**** SUPPLIED DATA

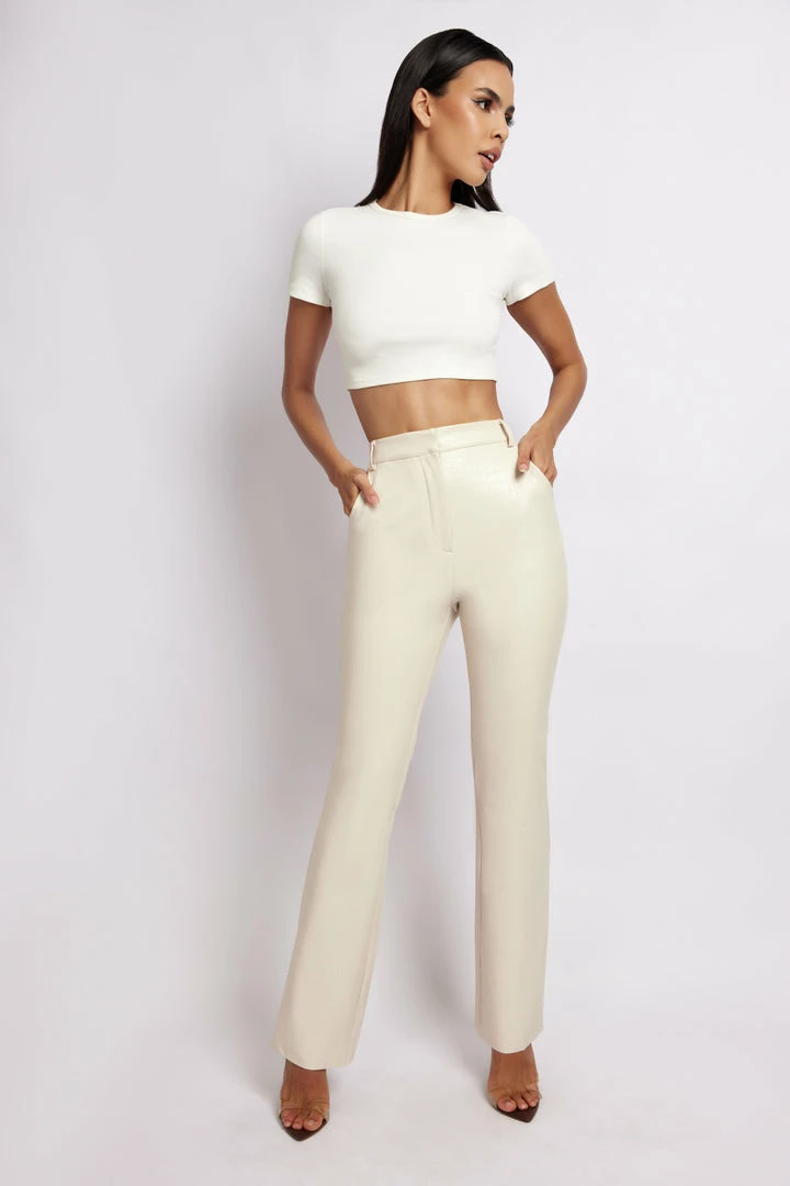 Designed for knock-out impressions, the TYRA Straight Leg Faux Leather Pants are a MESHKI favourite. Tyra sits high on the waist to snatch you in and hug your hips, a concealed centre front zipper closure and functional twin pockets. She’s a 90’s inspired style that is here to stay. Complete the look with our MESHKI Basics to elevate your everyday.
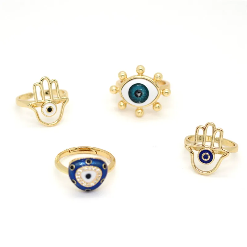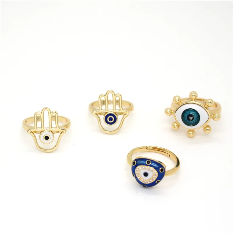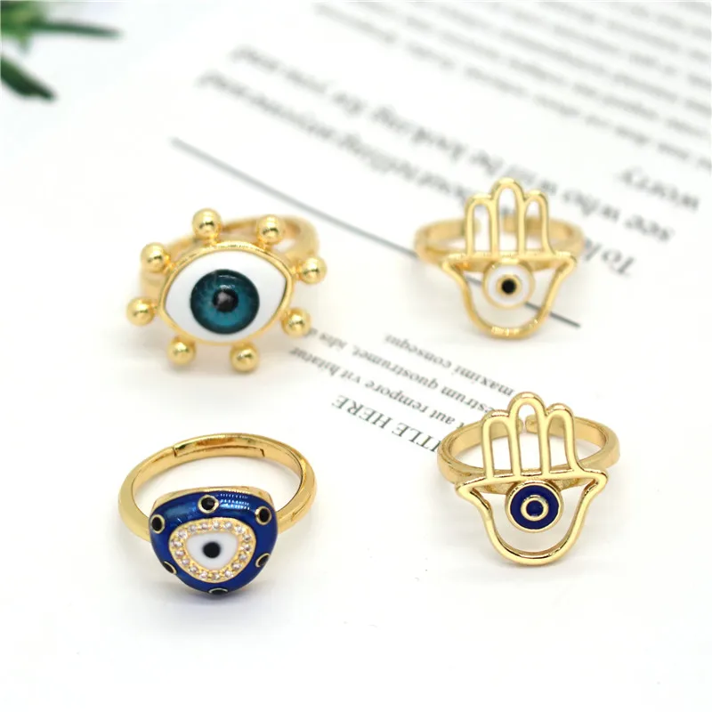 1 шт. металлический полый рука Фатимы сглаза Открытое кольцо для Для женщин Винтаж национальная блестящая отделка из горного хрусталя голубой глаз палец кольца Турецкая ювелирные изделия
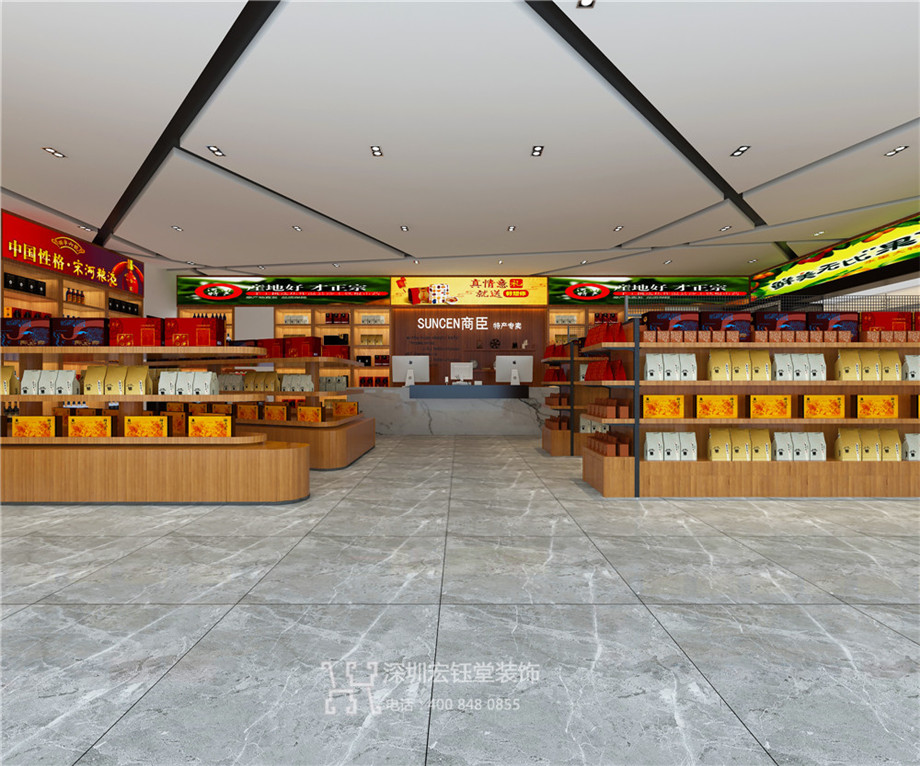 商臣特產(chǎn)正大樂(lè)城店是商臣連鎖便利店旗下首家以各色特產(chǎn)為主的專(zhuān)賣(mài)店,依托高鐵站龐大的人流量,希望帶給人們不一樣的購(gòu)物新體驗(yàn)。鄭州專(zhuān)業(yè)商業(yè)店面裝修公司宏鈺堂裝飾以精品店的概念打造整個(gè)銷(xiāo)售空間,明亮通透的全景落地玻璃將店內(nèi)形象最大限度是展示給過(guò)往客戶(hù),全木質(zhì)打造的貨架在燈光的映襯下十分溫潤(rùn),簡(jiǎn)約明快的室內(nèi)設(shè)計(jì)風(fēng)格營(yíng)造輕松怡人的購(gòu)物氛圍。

********
**** SUPPLIED DATA

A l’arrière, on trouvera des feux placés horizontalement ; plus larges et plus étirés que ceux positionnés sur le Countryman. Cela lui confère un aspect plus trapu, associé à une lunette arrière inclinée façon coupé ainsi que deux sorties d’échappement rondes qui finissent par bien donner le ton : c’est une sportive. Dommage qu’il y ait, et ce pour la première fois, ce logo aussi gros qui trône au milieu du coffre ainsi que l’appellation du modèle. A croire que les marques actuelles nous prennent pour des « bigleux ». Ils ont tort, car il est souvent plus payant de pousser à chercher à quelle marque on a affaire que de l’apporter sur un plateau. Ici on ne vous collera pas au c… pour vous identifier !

********

#### [TASK DETAILS]
Within the listing above, the stretch from the line with "Designed for knock-out" down to the line with "商臣特產(chǎn)正大樂(lè)城店是" is to be given again exactly, end lines included and pictures excluded.

#### [RESULT OF THE EXERCISE]
 Designed for knock-out impressions, the TYRA Straight Leg Faux Leather Pants are a MESHKI favourite. Tyra sits high on the waist to snatch you in and hug your hips, a concealed centre front zipper closure and functional twin pockets. She’s a 90’s inspired style that is here to stay. Complete the look with our MESHKI Basics to elevate your everyday.
 1 шт. металлический полый рука Фатимы сглаза Открытое кольцо для Для женщин Винтаж национальная блестящая отделка из горного хрусталя голубой глаз палец кольца Турецкая ювелирные изделия
 商臣特產(chǎn)正大樂(lè)城店是商臣連鎖便利店旗下首家以各色特產(chǎn)為主的專(zhuān)賣(mài)店,依托高鐵站龐大的人流量,希望帶給人們不一樣的購(gòu)物新體驗(yàn)。鄭州專(zhuān)業(yè)商業(yè)店面裝修公司宏鈺堂裝飾以精品店的概念打造整個(gè)銷(xiāo)售空間,明亮通透的全景落地玻璃將店內(nèi)形象最大限度是展示給過(guò)往客戶(hù),全木質(zhì)打造的貨架在燈光的映襯下十分溫潤(rùn),簡(jiǎn)約明快的室內(nèi)設(shè)計(jì)風(fēng)格營(yíng)造輕松怡人的購(gòu)物氛圍。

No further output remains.